═══ EXERCISE INPUTS ═══

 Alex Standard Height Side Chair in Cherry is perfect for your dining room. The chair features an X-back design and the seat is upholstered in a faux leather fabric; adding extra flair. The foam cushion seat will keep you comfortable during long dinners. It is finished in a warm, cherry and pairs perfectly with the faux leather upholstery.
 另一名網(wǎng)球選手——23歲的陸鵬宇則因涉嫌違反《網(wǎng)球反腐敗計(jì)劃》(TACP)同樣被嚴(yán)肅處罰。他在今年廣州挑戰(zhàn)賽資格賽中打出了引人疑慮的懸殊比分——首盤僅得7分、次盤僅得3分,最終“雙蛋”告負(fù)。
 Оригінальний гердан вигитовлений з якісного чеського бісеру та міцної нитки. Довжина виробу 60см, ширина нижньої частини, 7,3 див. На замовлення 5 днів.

═══
═══ EXERCISE INPUTS ═══

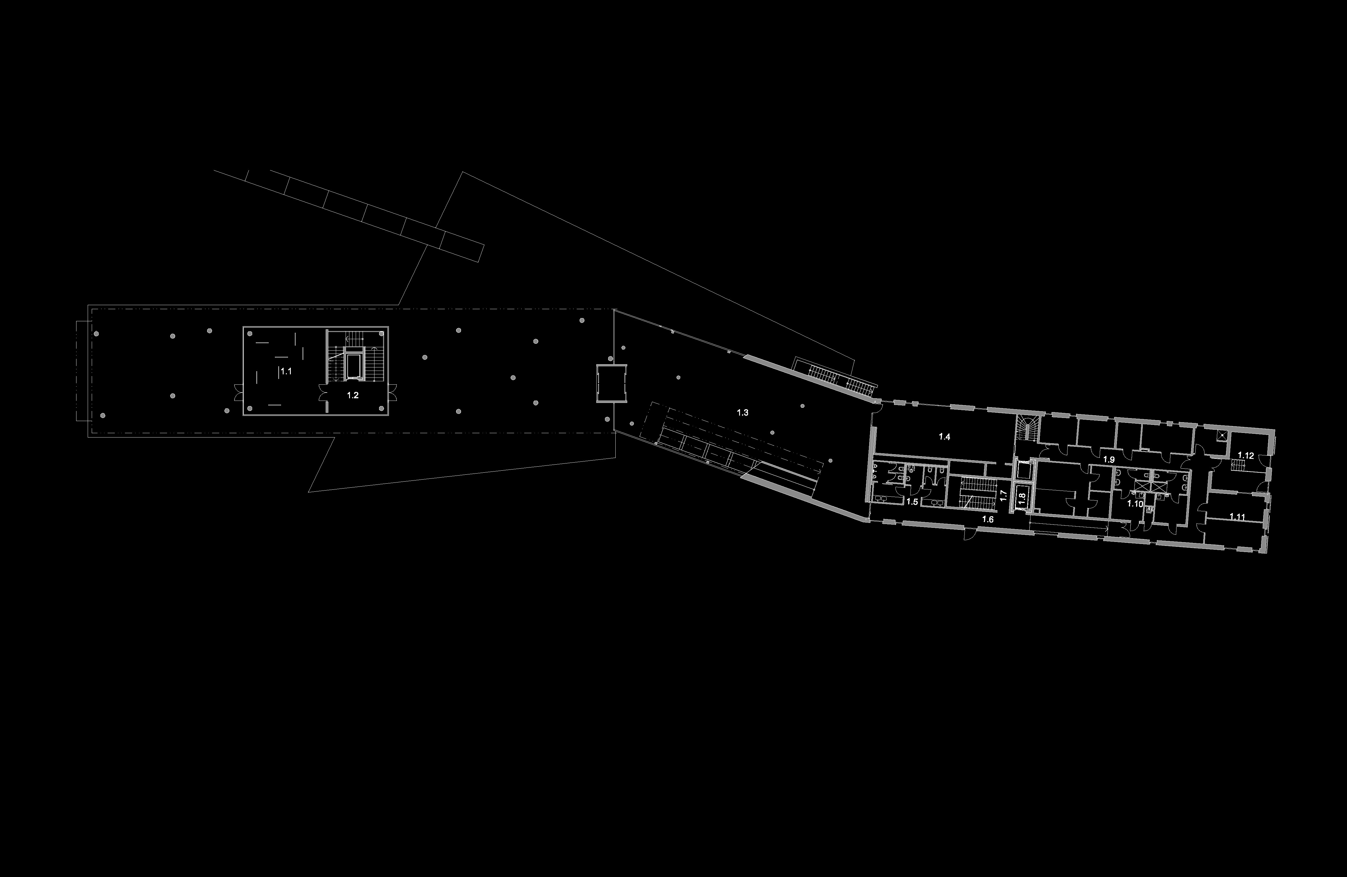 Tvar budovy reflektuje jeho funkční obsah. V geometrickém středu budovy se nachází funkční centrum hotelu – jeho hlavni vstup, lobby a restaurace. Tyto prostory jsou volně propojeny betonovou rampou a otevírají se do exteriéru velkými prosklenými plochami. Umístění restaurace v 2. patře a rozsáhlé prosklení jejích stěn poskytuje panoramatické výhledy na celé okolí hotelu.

═══

:: WHAT TO PRODUCE ::
Keeping every character as it is, restate the lines above that run from the line with "另一名網(wǎng)球選手—" through the line with "Оригінальний гердан вигитовлений", both included, and nothing else.

:: OUTPUT FOR THIS TASK ::
 另一名網(wǎng)球選手——23歲的陸鵬宇則因涉嫌違反《網(wǎng)球反腐敗計(jì)劃》(TACP)同樣被嚴(yán)肅處罰。他在今年廣州挑戰(zhàn)賽資格賽中打出了引人疑慮的懸殊比分——首盤僅得7分、次盤僅得3分,最終“雙蛋”告負(fù)。
 Оригінальний гердан вигитовлений з якісного чеського бісеру та міцної нитки. Довжина виробу 60см, ширина нижньої частини, 7,3 див. На замовлення 5 днів.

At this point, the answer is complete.